*REQUIREMENT*: Do not repeat pictures. Repeat exactly the lines of the listing below from its first line through the line with "- ALBERO MULTI-ATTIVITÀ: Questo".

*DATA PROVIDED*:
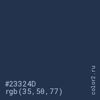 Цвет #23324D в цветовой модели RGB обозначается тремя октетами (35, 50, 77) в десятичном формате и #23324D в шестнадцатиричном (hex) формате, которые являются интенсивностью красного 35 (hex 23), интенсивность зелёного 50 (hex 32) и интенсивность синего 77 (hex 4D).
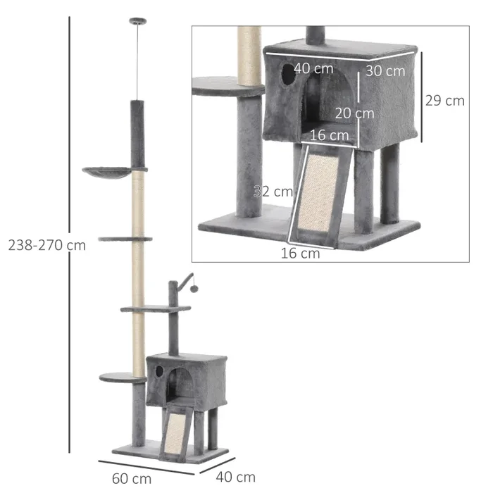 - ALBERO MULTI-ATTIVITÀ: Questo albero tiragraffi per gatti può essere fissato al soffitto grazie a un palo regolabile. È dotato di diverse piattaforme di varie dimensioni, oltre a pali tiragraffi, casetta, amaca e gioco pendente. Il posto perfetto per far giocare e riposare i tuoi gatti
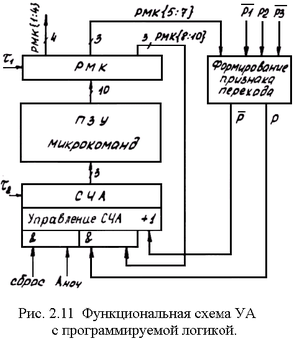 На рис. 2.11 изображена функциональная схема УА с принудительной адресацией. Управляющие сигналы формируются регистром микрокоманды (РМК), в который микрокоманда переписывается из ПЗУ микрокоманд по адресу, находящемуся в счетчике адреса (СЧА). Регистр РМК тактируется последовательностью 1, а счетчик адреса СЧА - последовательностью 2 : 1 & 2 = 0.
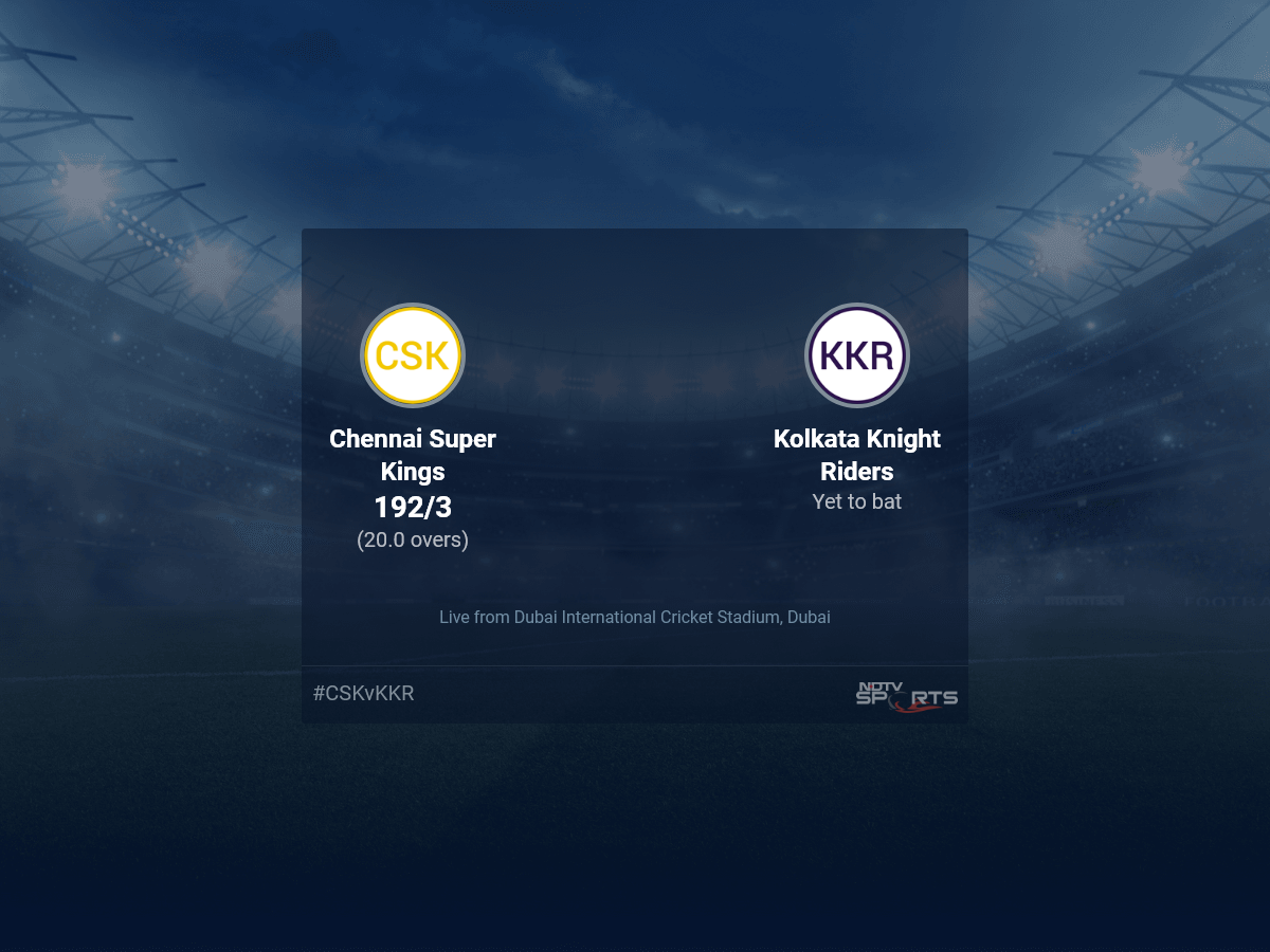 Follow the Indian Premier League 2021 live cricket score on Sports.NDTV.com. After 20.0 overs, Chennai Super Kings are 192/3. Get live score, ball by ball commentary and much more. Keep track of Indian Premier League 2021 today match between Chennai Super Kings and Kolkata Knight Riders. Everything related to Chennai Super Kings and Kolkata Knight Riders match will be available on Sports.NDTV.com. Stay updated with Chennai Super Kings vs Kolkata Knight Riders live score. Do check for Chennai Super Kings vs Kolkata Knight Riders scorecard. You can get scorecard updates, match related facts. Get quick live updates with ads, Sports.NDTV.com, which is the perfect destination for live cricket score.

*RESPONSE AREA*:
 Цвет #23324D в цветовой модели RGB обозначается тремя октетами (35, 50, 77) в десятичном формате и #23324D в шестнадцатиричном (hex) формате, которые являются интенсивностью красного 35 (hex 23), интенсивность зелёного 50 (hex 32) и интенсивность синего 77 (hex 4D).
 - ALBERO MULTI-ATTIVITÀ: Questo albero tiragraffi per gatti può essere fissato al soffitto grazie a un palo regolabile. È dotato di diverse piattaforme di varie dimensioni, oltre a pali tiragraffi, casetta, amaca e gioco pendente. Il posto perfetto per far giocare e riposare i tuoi gatti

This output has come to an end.